Records for processing
★ ★ ★ ★

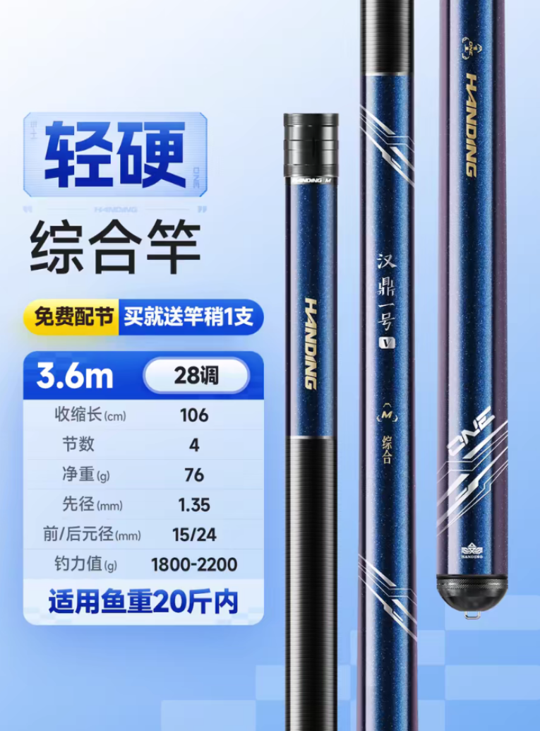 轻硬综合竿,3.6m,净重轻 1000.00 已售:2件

★ ★ ★ ★

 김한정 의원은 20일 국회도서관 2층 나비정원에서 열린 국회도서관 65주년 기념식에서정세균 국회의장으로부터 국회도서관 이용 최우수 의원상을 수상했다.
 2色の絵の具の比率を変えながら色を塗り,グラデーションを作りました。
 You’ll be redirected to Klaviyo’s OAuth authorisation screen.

★ ★ ★ ★

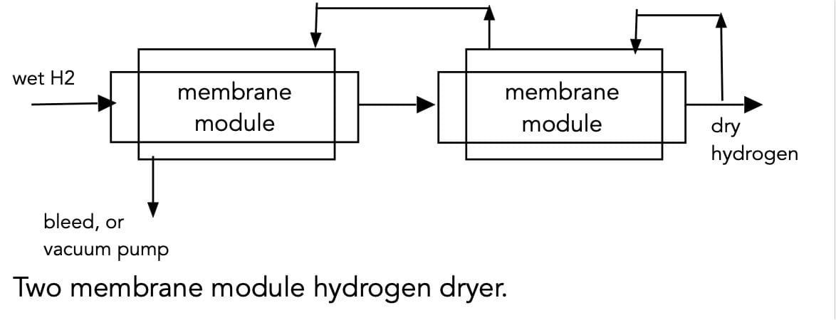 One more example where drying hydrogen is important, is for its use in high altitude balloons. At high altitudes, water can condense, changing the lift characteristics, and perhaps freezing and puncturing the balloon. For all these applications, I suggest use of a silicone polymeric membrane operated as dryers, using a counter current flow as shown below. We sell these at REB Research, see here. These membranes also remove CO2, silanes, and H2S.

★ ★ ★ ★

Goal of the exercise
Scan the records above for the lines holding "김한정 의원은 20일" and "You’ll be redirected". Transcribe those two and every line between them word for word, and no others.

Exercise result
 김한정 의원은 20일 국회도서관 2층 나비정원에서 열린 국회도서관 65주년 기념식에서정세균 국회의장으로부터 국회도서관 이용 최우수 의원상을 수상했다.
 2色の絵の具の比率を変えながら色を塗り,グラデーションを作りました。
 You’ll be redirected to Klaviyo’s OAuth authorisation screen.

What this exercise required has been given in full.